По возвращении двадцатипятилетний путешественник получил должность в гимназии своего родного города — иными словами, в той самой школе, которая дала ему первые зачатки знаний. Я преподавал там в младших классах латынь, греческий, а также историю, но уже в 1914 году поступил на баварскую службу и обосновался во Фрейзинге, ставшем с тех пор моим постоянным местом жительства, в качестве учителя гимназии и доцента богословской академии, чтобы в продолжение двух десятилетий с удовлетворением трудиться на поприще истории и филологии.

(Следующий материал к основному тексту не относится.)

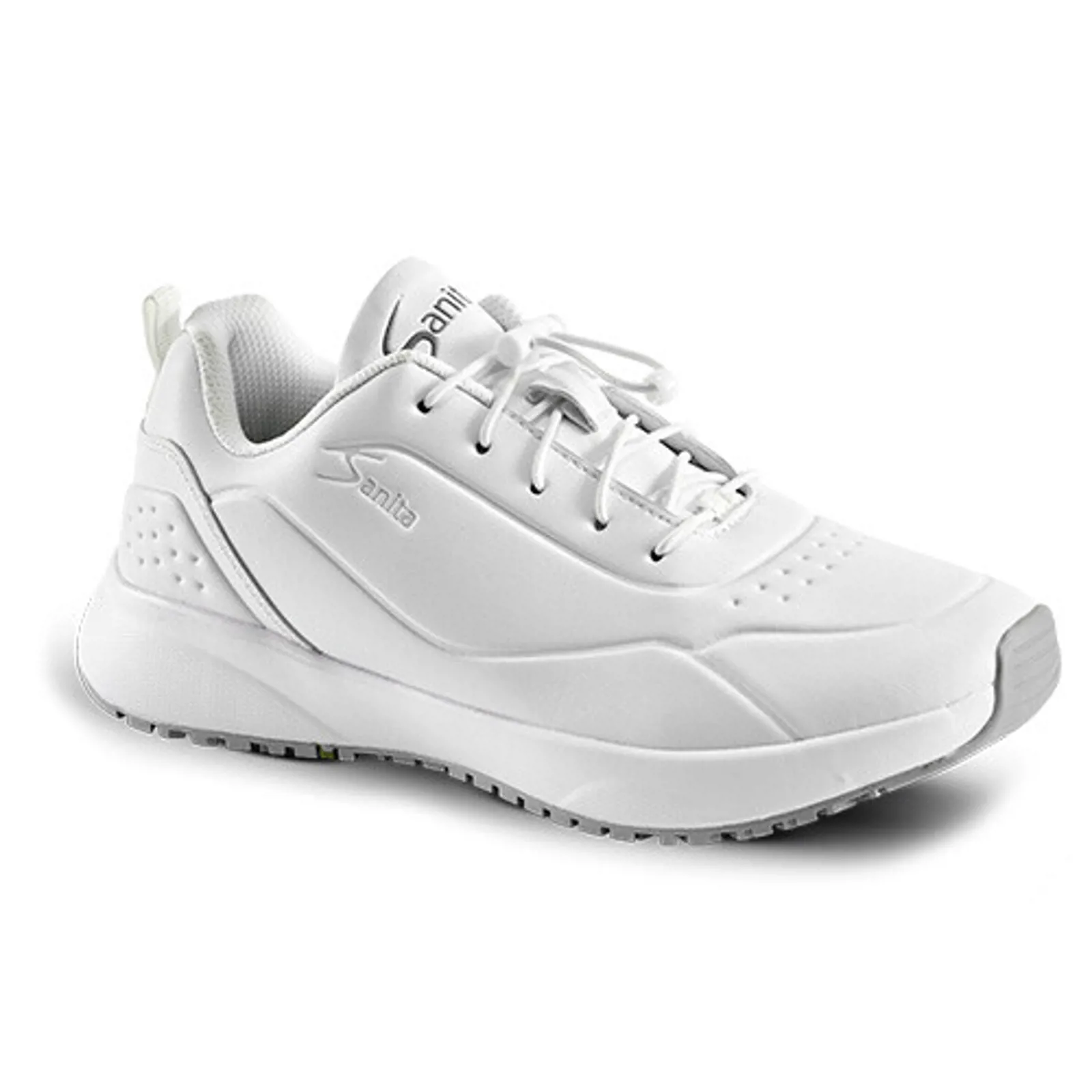 Sanita Tigau hvide jobsko i super let, smidigt og åndbart mikrofiber med svedabsorberende Coolmax® for. Mellemsål i EVA som yder høj stødabsorbering og re-bounce effekt. Ydersål af gummi for god skridsikkerhed. Unisex model.

Несмотря на свой юный возраст, едва определившись на должность в Кайзерсашерне, я женился. Любовь к порядку и желание честно, по-хорошему начать самостоятельную жизнь подвигли меня на этот шаг. Елена, урождённая Ойльгафен, моя дорогая жена, которая и сейчас обо мне печётся, была дочерью моего старшего коллеги, по должности и по факультету, из Цвиккау в Саксонском королевстве, и, не боясь вызвать усмешку читателя, я признаюсь, что имя милой свеженькой девушки — Елена, это любезное мне звукосочетание, сыграло не последнюю роль в моём выборе. Елена! Трудно устоять перед освящённой преданием прелестью этого имени, даже если внешность той, что зовётся Еленой, лишь по-бюргерски скромно отвечает его высоким запросам — да и то лишь на краткий срок, покуда не поблёкло её юное цветение. Нашу дочь, давно уже вышедшую замуж за отличного человека, прокуриста в Регенсбургском филиале Баварского кредитного банка, мы тоже назвали Еленой. Кроме неё, моя дорогая жена подарила мне ещё двух сыновей, так что я, как то и подобает смертному, познал радости и горести отцовства, впрочем, не слишком бурные. Должен признаться, что в моих детях не было ничего из ряду вон выходящего. Ни в какое сравнение с чудно красивым мальчиком Непомуком Шнейдевейном, племянником Адриана и утехой его последних лет, они, конечно, идти не могли, я первый готов это утверждать. В настоящее время оба моих сына — один на гражданском поприще, другой в вооружённых силах империи — служат своему фюреру, и так как моё критическое отношение к власть имущим моего отечества создало вокруг меня своего рода пустоту, то и связь обоих молодых людей с отчим домом заметно ослабела.